[DATASET EXTRACT]:
########################################

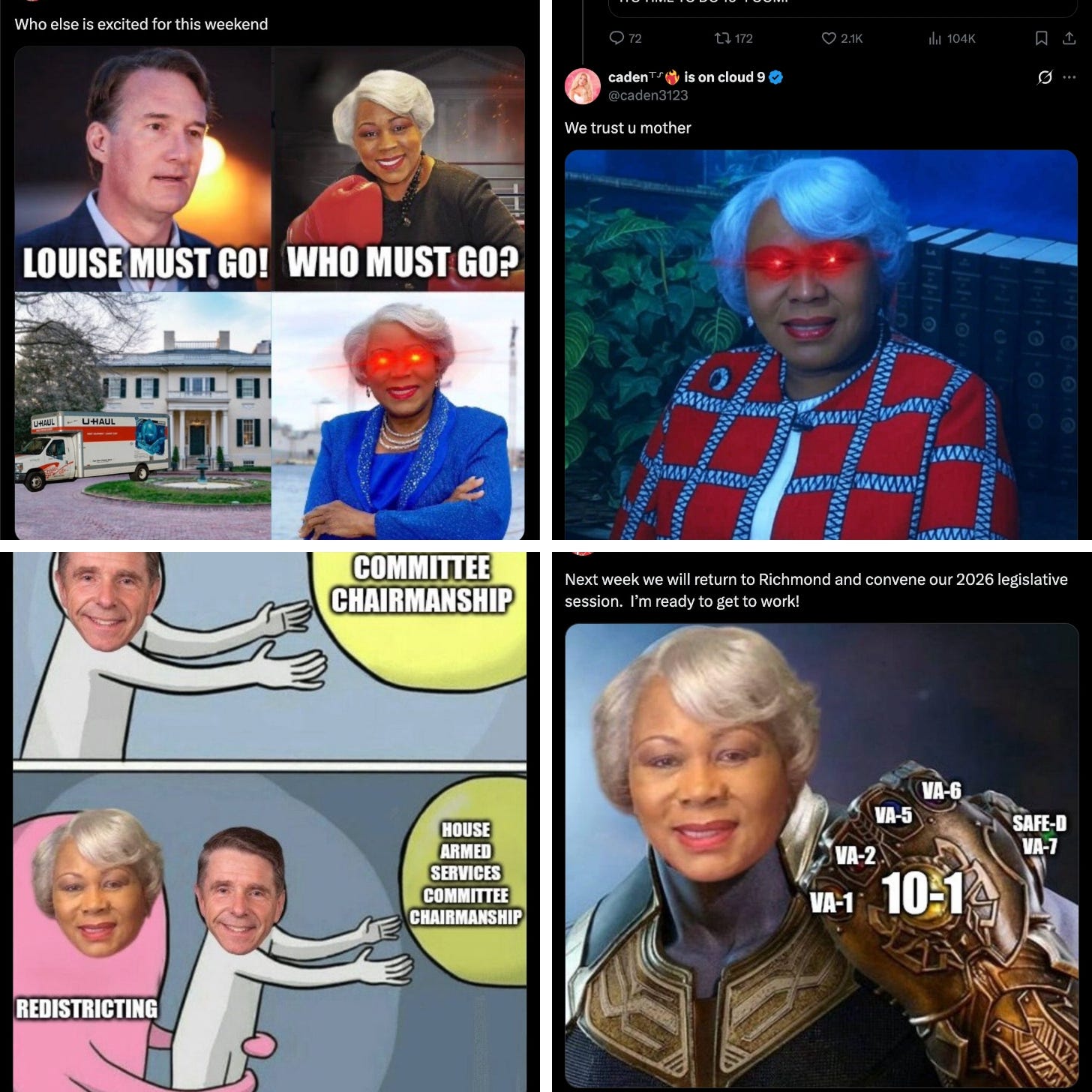 Hi, y’all. Welcome back to The Opposition. The mission of this newsletter is to chronicle the Democratic party’s path back to power and report on the voters, leaders, and candidates who are shaping that strategy. A lot of the time, that means I have to ask uncomfortable questions that push you all—and myself—to think outside our bubbles. It can be heavy stuff, especially when the stakes for the country are so high and it feels like there’s little room for error. But every now and then I come across a story that makes me laugh and reminds me that we can have some fun along the way. Today’s edition is one of those stories. You can get a taste below, although the whole hilarious thing is for Bulwark+ members. I hope you’ll consider becoming a member yourself—which you can do today at 20 percent of the regular price: –Lauren How an 82-Year Great-Grandmother Became a Masterclass Dem ShitposterMeet the unstoppable L. Louise Lucas.THE DEMOCRATIC PARTY HAS SPENT much of the last year trying to rival the GOP’s online dominance. Donors have sunk millions of dollars into new projects aimed at building networks of left-leaning content creators; members of Congress have tried to perfect the art of the direct-to-camera video (with varying degrees of success); Sen. Chris Murphy of Connecticut and Illinois Gov. JB Pritzker are among the many Democrats who have started their own Substacks; and party leaders like California Gov. Gavin Newsom have added “podcast host” to their resumes. The conventional wisdom has been that this is all part of a generational shift, one sparked by young politicians like Mayor Zohran Mamdani and Rep. Alexandria Ocasio-Cortez, two charismatic thirtysomething New Yorkers whose aura-farming skills are self-evident. But in recent weeks, it’s been an octogenarian Democrat with no national footprint who has been making some of the biggest waves online: Virginia state Sen. L. Louise Lucas. As the Democratic party has raced to keep up with Donald Trump’s mid-decade redistricting scheme, the 82-year-old Lucas, president pro tempore of the Virginia Senate, has played a leading role in state Democratic lawmakers’ efforts to pass a new map—one that favors their party ten to one, which would be a significant shift from the current breakdown of six Democrats to five Republicans.¹ And Lucas has been making her case on X, shitposting about other Democratic-controlled states that have dragged their feet on redistricting and talking trash about her GOP opponents. Throughout the redistricting fight, she’s made memes of herself as Thanos collecting the Infinity Stones (or, in this case, congressional districts). She’s trolled her Republican rivals, as with this meme making fun of GOP Rep. Rob Wittman for reportedly complaining in private about the redistricting effort (Wittman will likely lose his seat if the new map is approved). Although the Dark Brandon meme felt cringe by the end of the Biden administration, the beaming red laser eyes somehow work for Lucas. She’s shown remarkable fluency in internet slang—from “cuck” to “OOMF”—especially for someone who was born before D-Day. ![]() Last week, Lucas made national news for hitting back at Texas Sen. Ted Cruz after he complained about Virginia Democrats’ proposed new map, posting: “You all started it and we fucking finished it.” It’s that willingness to punch back that has earned her praise from national party figures, including Ocasio-Cortez and Pennsylvania Rep. |
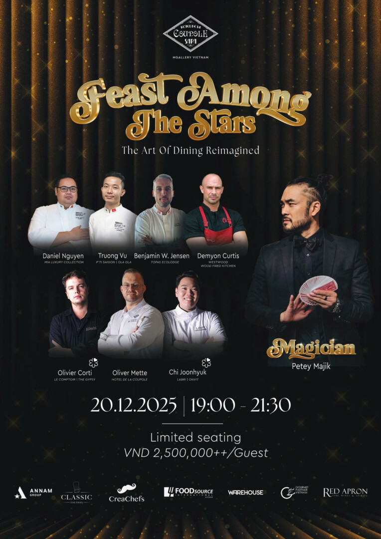 Ngày 20 tháng 12, hành trình ẩm thực tiếp tục với Feast Among The Stars – trải nghiệm ẩm thực độc đáo nhất của Hotel de la Coupole và cũng là một trong những sự kiện được mong đợi nhất trong năm.
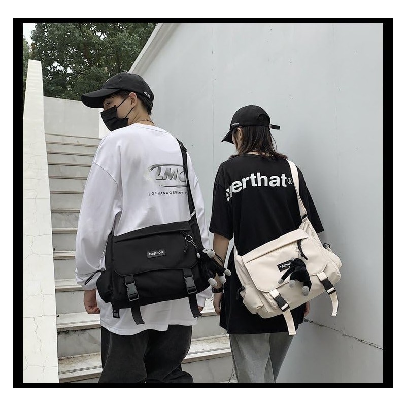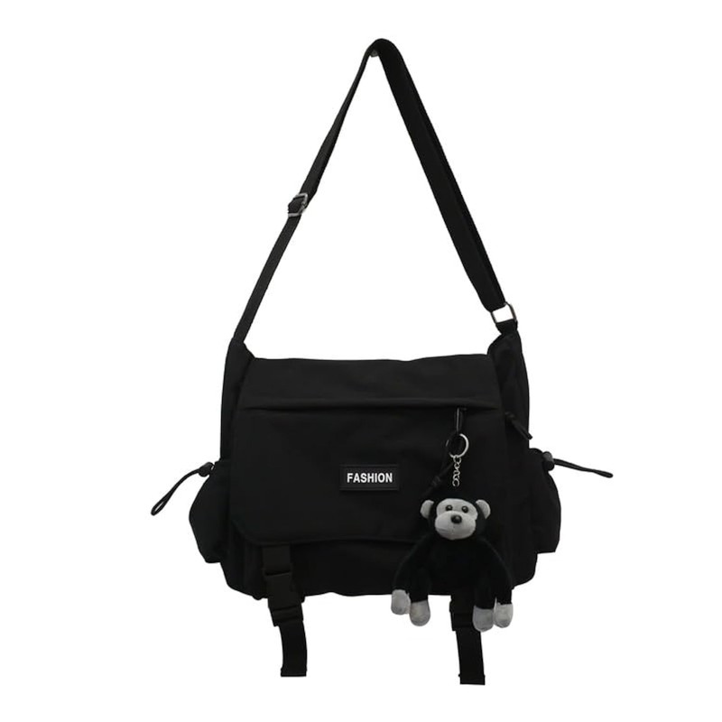 Inshere Aesthetic Crossbody Bag with Cute Ornament, Casual Shoulder Messenger Bag Japanese Kawaii Bag for Women Men Black
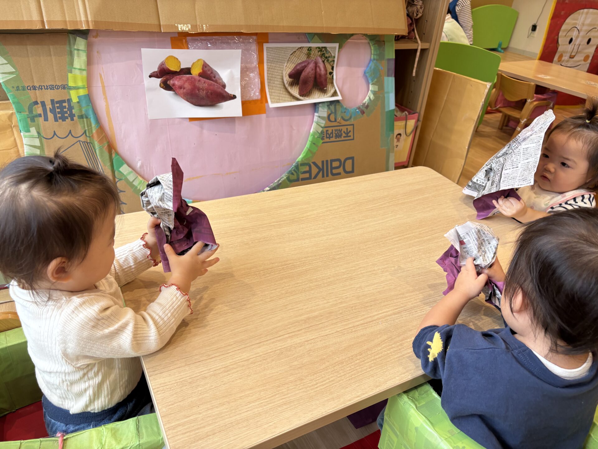 さつまいもの絵本や写真を見ながら、「うんとこしょ!どっこいしょ!」と保育教諭の真似っこをしました🍠

########################################

[WHAT YOU ARE ASKED TO DO]:
Leaving the pictures out, write out all the material above exactly.

[OUTPUT FOR THIS EXERCISE]:
 Hi, y’all. Welcome back to The Opposition. The mission of this newsletter is to chronicle the Democratic party’s path back to power and report on the voters, leaders, and candidates who are shaping that strategy. A lot of the time, that means I have to ask uncomfortable questions that push you all—and myself—to think outside our bubbles. It can be heavy stuff, especially when the stakes for the country are so high and it feels like there’s little room for error. But every now and then I come across a story that makes me laugh and reminds me that we can have some fun along the way. Today’s edition is one of those stories. You can get a taste below, although the whole hilarious thing is for Bulwark+ members. I hope you’ll consider becoming a member yourself—which you can do today at 20 percent of the regular price: –Lauren How an 82-Year Great-Grandmother Became a Masterclass Dem ShitposterMeet the unstoppable L. Louise Lucas.THE DEMOCRATIC PARTY HAS SPENT much of the last year trying to rival the GOP’s online dominance. Donors have sunk millions of dollars into new projects aimed at building networks of left-leaning content creators; members of Congress have tried to perfect the art of the direct-to-camera video (with varying degrees of success); Sen. Chris Murphy of Connecticut and Illinois Gov. JB Pritzker are among the many Democrats who have started their own Substacks; and party leaders like California Gov. Gavin Newsom have added “podcast host” to their resumes. The conventional wisdom has been that this is all part of a generational shift, one sparked by young politicians like Mayor Zohran Mamdani and Rep. Alexandria Ocasio-Cortez, two charismatic thirtysomething New Yorkers whose aura-farming skills are self-evident. But in recent weeks, it’s been an octogenarian Democrat with no national footprint who has been making some of the biggest waves online: Virginia state Sen. L. Louise Lucas. As the Democratic party has raced to keep up with Donald Trump’s mid-decade redistricting scheme, the 82-year-old Lucas, president pro tempore of the Virginia Senate, has played a leading role in state Democratic lawmakers’ efforts to pass a new map—one that favors their party ten to one, which would be a significant shift from the current breakdown of six Democrats to five Republicans.¹ And Lucas has been making her case on X, shitposting about other Democratic-controlled states that have dragged their feet on redistricting and talking trash about her GOP opponents. Throughout the redistricting fight, she’s made memes of herself as Thanos collecting the Infinity Stones (or, in this case, congressional districts). She’s trolled her Republican rivals, as with this meme making fun of GOP Rep. Rob Wittman for reportedly complaining in private about the redistricting effort (Wittman will likely lose his seat if the new map is approved). Although the Dark Brandon meme felt cringe by the end of the Biden administration, the beaming red laser eyes somehow work for Lucas. She’s shown remarkable fluency in internet slang—from “cuck” to “OOMF”—especially for someone who was born before D-Day. ![]() Last week, Lucas made national news for hitting back at Texas Sen. Ted Cruz after he complained about Virginia Democrats’ proposed new map, posting: “You all started it and we fucking finished it.” It’s that willingness to punch back that has earned her praise from national party figures, including Ocasio-Cortez and Pennsylvania Rep. |
 Ngày 20 tháng 12, hành trình ẩm thực tiếp tục với Feast Among The Stars – trải nghiệm ẩm thực độc đáo nhất của Hotel de la Coupole và cũng là một trong những sự kiện được mong đợi nhất trong năm.
 Inshere Aesthetic Crossbody Bag with Cute Ornament, Casual Shoulder Messenger Bag Japanese Kawaii Bag for Women Men Black
 さつまいもの絵本や写真を見ながら、「うんとこしょ!どっこいしょ!」と保育教諭の真似っこをしました🍠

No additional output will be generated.